ADA litigation make life inhospitable for nonconforming hotels

When you think of ADA compliance, things like wheelchair ramps, pool lifts, and handrails might come to mind; however, when it comes to website accessibility, there are a number of best practices and rules and regulations that will be at the top of those compliance issues this year. With travel season upon us, it is time for hoteliers to ensure “all” ADA compliance issues are up-to-date and employees are trained and knowledgeable in all areas of ADA regulation. Inside Counsel, Amanda Ciccatelli, points out areas you should be concerned with.

 

 

Today, many people underestimate the number of disabled people who travel, and don’t understand the difficulties disabled people face when traveling. Hotels have become targets of Americans with Disabilities Act (ADA) litigation. The U.S. Department of Justice says that many hotels contain an endless amount of potential violations.

ADA lawsuits filed against hotels could come from issues like violations at the check-in and concierge counters, guest rooms and bathrooms, parking lots, restaurants and recreational facilities. With vacation season on the horizon, hotels and resorts would be wise to make their facilities accessible now before a lawsuit forces them to do so.

Martin Orlick, Chair, ADA Compliance & Defense Group, and Jeffer Mangels Butler & Mitchell, chatted with Inside Counsel about the risks of hotels when it comes to ADA compliance, what they need to know to avoid litigation and any recent regulatory developments.

“If you are blind or have low vision and can’t make a reservation online because the hotel’s website doesn’t work with independent screen-reading software, or you use a wheel chair and the room with the roll-in shower you reserved is not available, or you are told your service dog cannot be accommodated – these are situations you can face when traveling,” explained Orlick. “These are the kind of issues that lead to private lawsuits and complaints made to the DOJ.”

The technical requirements under the ADA are complex, especially for properties that were built before many of the regulations went into effect. Architects design hotel properties without full consideration of the ADA, contractors come in behind them and try to build the hotel to those standards, and then designers come in after that.

“If the ADA requires a mirror to be 40 inches above floor, and a designer puts a 4-inch frame around it, it might look better but now the mirror is 44 inches above the floor and is in violation. Architects often fail to consider all clear floor space requirements when designing rooms,” he said. “There are architectural requirements for public spaces as well: restaurants, pools, dressing rooms, paths of travel, parking spaces.”

In addition, hotels have to have accessibility requirements for their website and reservation system. They need to have clear ADA policies and procedures, and train the staff to uphold those policies and put those procedures in place.

So, what are the exact risks of hotels when it comes to ADA compliance?

Congress intended that private litigants would primarily enforce the ADA, and hotels risk the costs of litigation, including class action litigation by private attorneys general. According to Orlick, when exposed to private litigation, it can include damages in many jurisdictions, including attorneys’ fees and costs. Starwood, Marriott, and Hilton have all been subjects of these actions. In DOJ actions, hotels can also lose control of the process of bringing their hotels into ADA compliance.

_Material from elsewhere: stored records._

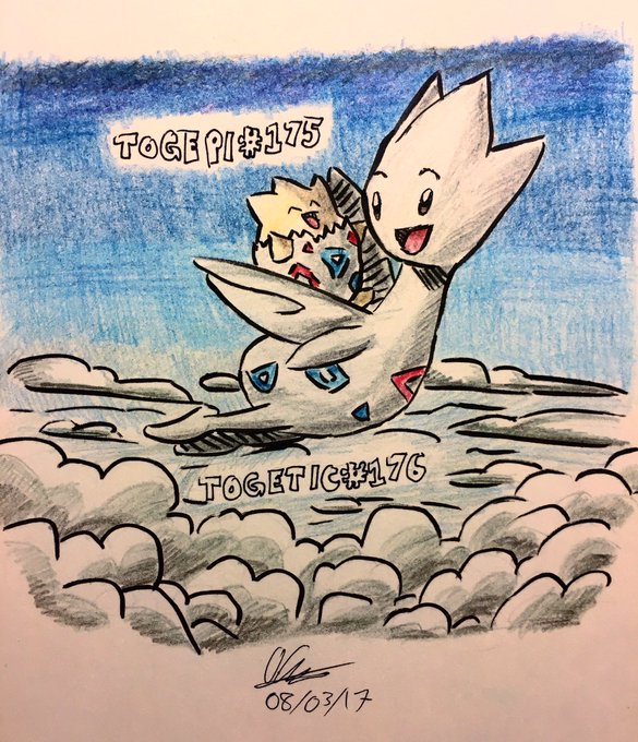 Soaring on #day12 of my #pokemon art challenge are Togepi and Togetic.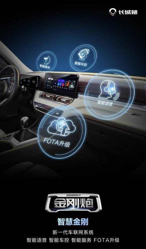 除了外观和内饰设计外,金刚炮对时尚的另一种诠释便是功能齐全的智能化配置。搭载车联网系统的金刚炮拥有智能语音、智能车控、智能服务等功能。什么智能导航、语音控制、远程启动空调等高阶操作,金刚炮都可以轻松实现,并且还支持FOTA升级。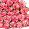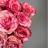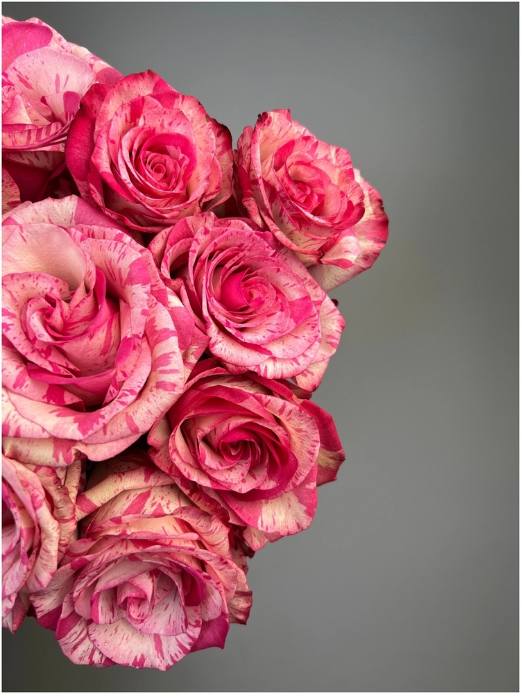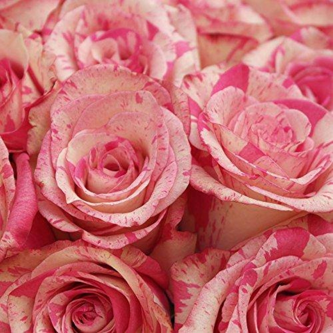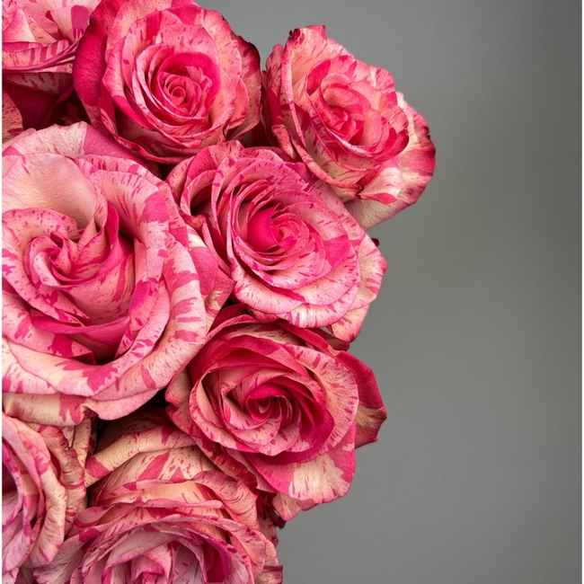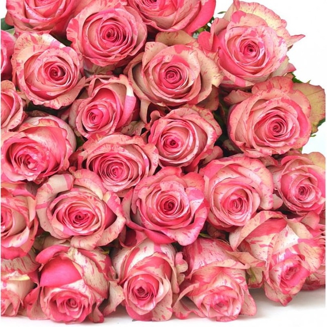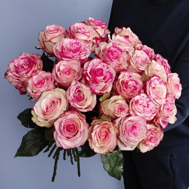 Цветки белые с розовыми прожилками. Бутон довольно крупный, густомахровый классической формы. Цветок данного сорта, благодаря окраске, похож на редкого леопарда розового цвета.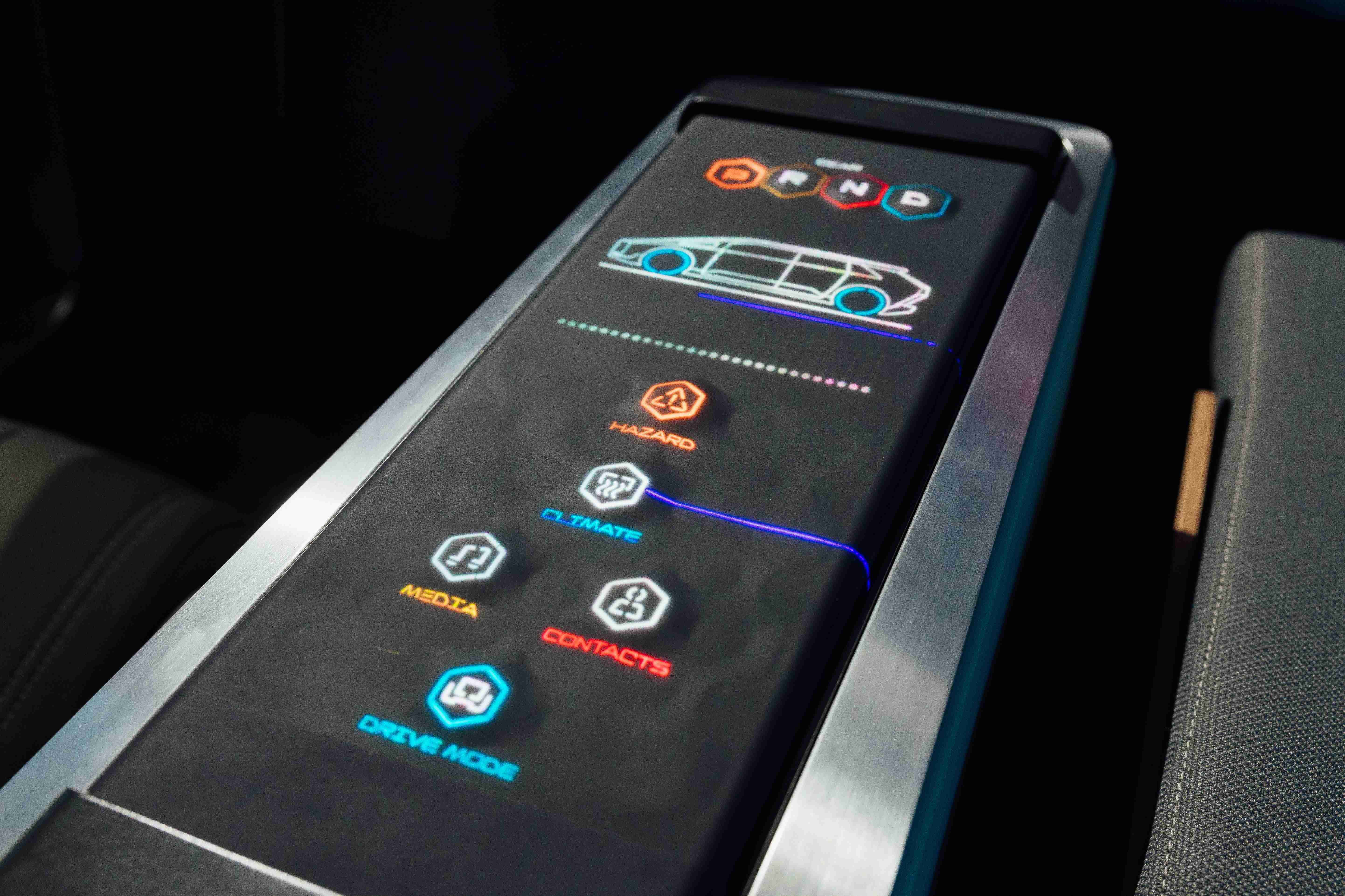 多变形态中控显示(Morphing Center Control)拥有动态变化的表面,,平时常态显示车辆功能,,进一步操作时,,则会隆起成为3D 按钮,,并在触控时以震动回馈,,,以精细的操作开创人机互动新境界。。。。 ![]()

In order to avoid litigation, hotels need to know their guests and need to know how to provide services to their disabled guests. In fact, hotels should have written policies and procedures for providing goods and services with disabilities. “They need to periodically inspect their facilities for architectural barrier compliance, and routinely review their websites to be sure that they are independently useable by those who are blind or have low vision,” he explained. “When hotels perform inspections, they should consider retaining an ADA lawyer to retain the ADA experts who perform the work – this way they retain attorney work-product protection, should a lawsuit arise.”

The 2010 ADA Standards went into effect in March 2012, mandating the removal of architectural barriers. These standards prompted the wide-spread installation of pool lifts at hotels, among other huge changes. Orlick said, “The DOJ Consent Decrees with Hilton and Starwood had a major impact – they were a wake-up call for the entire industry.

When the ADA was passed, the Internet barely existed and websites were not regulated under the ADA. Recently, hotels have come under attack by advocacy groups, for lack of website accessibility. Recent court decisions, as well as positions taken by the DOJ, are beginning to require hotel and other websites to be accessible for persons who are blind or low vision.

Orlick said, “We know we will see more litigation as well as legislation in this area.”